If you’re old enough to remember what it was like to be a “road warrior” in the heyday of “Seinfeld” and “Friends,” you probably realize how much most of us take for granted the past decade’s stunning advances in consumer technology. For me, the early years of the Clinton administration were marked by some images that I now find as nostalgically amusing as hearing someone say “show me the money!”
1. Power Chord Spaghetti – Although our mobile devices are still tethered to power outlets, we live in an age of functional convergence. Packing for a business trip in the early-90’s involved a few extra (and now-obsolete) checklist items: a cellphone (the old bulky version); a pager (a must in the days before phone texting); and a PDA (the most popular “personal data assistant” in my office was the Palm Pilot). Today, a smartphone can handily perform all the data and voice capabilities that had once required three devices.
2. Stylus Staccato – Remember tirelessly tapping away on your PDA with that little plastic pencil? Although some of us use a stylus on our tablets, most of us are accustomed to typing directly on our mobile devices. The late Steve Jobs had strong convictions about removing these implements from the consumer’s experience of interacting with Apple’s (NASDAQ: AAPL) tablet devices. Most of us now take touch-pad devices for granted.

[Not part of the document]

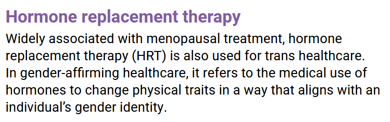 The guide is heavy on assertions but light on citing references to back these up. For example, men who "identify" as women aren't suffering from declining estrogen levels as is the case for menopausal women, so why is it called "hormone replacement therapy"?

Images of stylus typing on PDA’s are now the stuff of sitcom site gags.
3. Pay Phone Pandemonium – As a frequent air traveler, I vividly recall the chaotic rush to the nearest public phone bank that accompanied announcements of flight delays. Some of the most eventful phone conversations of my early career — job offers, interviews, important conference calls — took place while I was hunched over a pay phone near the gate of a departing flight or train. Our smartphones haven’t necessarily made our conversations more private, but they’ve undoubtedly made them feel more personal.
4. Floppy Disk Fumbling – Toting my old, bulky laptop (now called a notebook) computer in the 90’s required an accompanying collection of hard plastic storage files. I still have boxes of them somewhere in my closet. Whether you call them stick drives, key drives or pen drives, most of us would agree that traveling with small USB flash drives is a step-up in convenience and portability. Alas, even the once vaunted flash drive has gone the way of the stylus, cast aside in favor of saving files to the cloud.